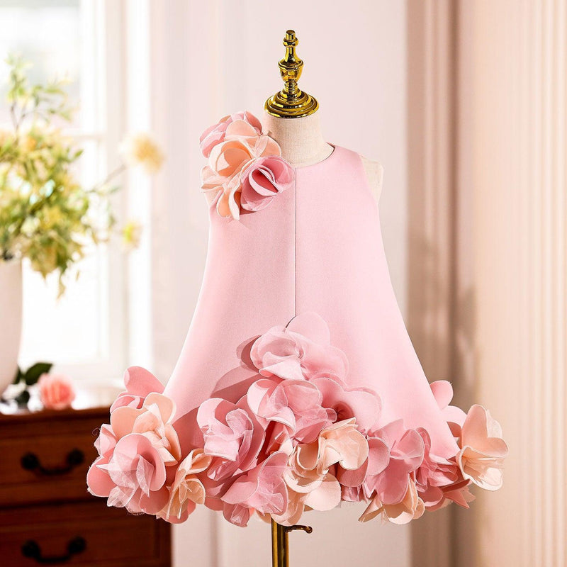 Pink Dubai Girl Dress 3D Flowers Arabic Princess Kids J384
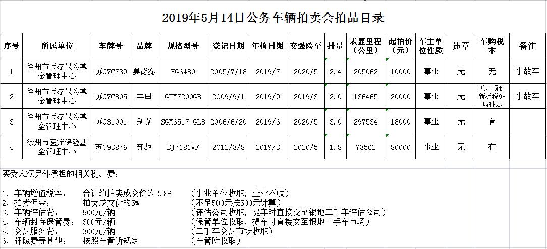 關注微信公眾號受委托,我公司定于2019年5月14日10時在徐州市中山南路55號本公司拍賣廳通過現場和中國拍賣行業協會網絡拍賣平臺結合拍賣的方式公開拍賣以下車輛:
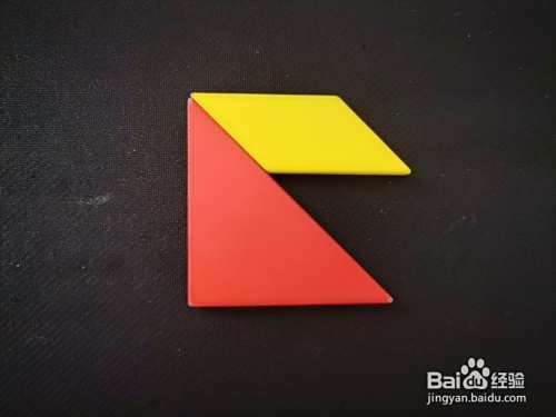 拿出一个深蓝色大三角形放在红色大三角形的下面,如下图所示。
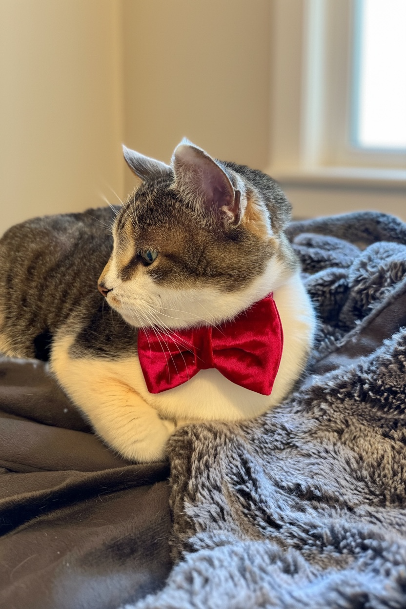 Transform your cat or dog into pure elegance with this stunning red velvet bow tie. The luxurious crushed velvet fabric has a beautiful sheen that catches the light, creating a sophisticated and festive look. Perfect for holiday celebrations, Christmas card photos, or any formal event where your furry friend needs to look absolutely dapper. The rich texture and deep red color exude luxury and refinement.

■ ■ ■

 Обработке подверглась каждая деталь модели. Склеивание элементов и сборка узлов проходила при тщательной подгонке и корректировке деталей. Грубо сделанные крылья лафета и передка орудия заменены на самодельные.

■ ■ ■

TASK GOAL: Within these entries, output exactly the lines starting at the one with "拿出一个深蓝色大三角形放在红色大三角形的下面,如下图所示。" and finishing at the one with "Transform your cat". Leave pictures out of the output.

RESULT FOR THIS TASK:
 拿出一个深蓝色大三角形放在红色大三角形的下面,如下图所示。
 Transform your cat or dog into pure elegance with this stunning red velvet bow tie. The luxurious crushed velvet fabric has a beautiful sheen that catches the light, creating a sophisticated and festive look. Perfect for holiday celebrations, Christmas card photos, or any formal event where your furry friend needs to look absolutely dapper. The rich texture and deep red color exude luxury and refinement.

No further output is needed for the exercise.